Dividend lifted to ¥165; FY27 guides a 26% rebound to ¥130bn
For FY3/2026, Sojitz raised the annual dividend to ¥165 per share (¥82.50 interim + ¥82.50 year-end, up from ¥150) for a consolidated payout ratio of 33.3%, consistent with its progressive-dividend policy. For FY3/2027, the company guides a further increase to ¥180 per share (¥90 + ¥90).
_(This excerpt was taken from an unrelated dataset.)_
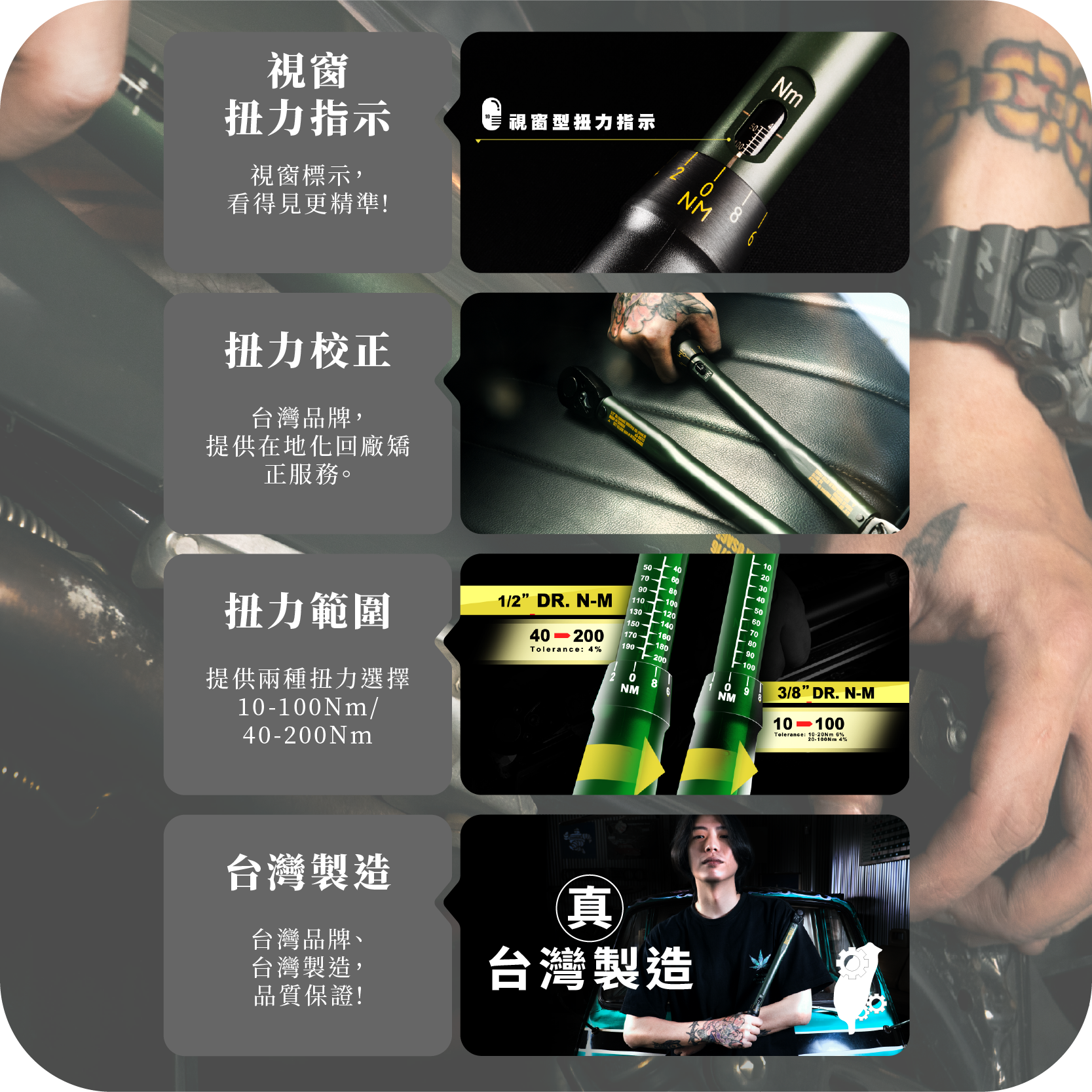 3/8Dr 10-100Nm(三分), 1/2Dr 40-200Nm(四分), 三分+四分扭力扳手組

On the earnings line, Sojitz forecasts profit attributable to owners of ¥130,000 million for FY3/2027 — a 25.5% rebound — with basic EPS of ¥622.55. The guidance signals management's confidence that the resource normalization and high-base effects of FY26 give way to broad-based recovery, supported by the consumption-linked automotive franchise and a steadier contribution from equity-method affiliates.
| Metric | FY3/2026 | FY3/2025 | YoY |
|---|---|---|---|
| Revenue (¥ billion) | 2,757.4 | 2,509.7 | +9.9% |
| Pre-tax profit (¥ billion) | 115.6 | 135.3 | −14.5% |
| Profit for the year (¥ billion) | 107.6 | 114.2 | −5.7% |
| Net profit attrib. to owners (¥ billion) | 103.6 | 110.6 | −6.3% |
| Basic EPS (¥) | 494.95 | 513.74 | −3.7% |
| Equity-method income (¥ billion) | 44.0 | 49.6 | −11.3% |
| Owners' equity ratio | 29.9% | — | — |
| Annual dividend (¥) | 165.00 | 150.00 | +10.0% |
JapanStockPulse provides informational content only and does not constitute investment advice. Figures are taken from the company's published earnings short report and may be subject to subsequent revision.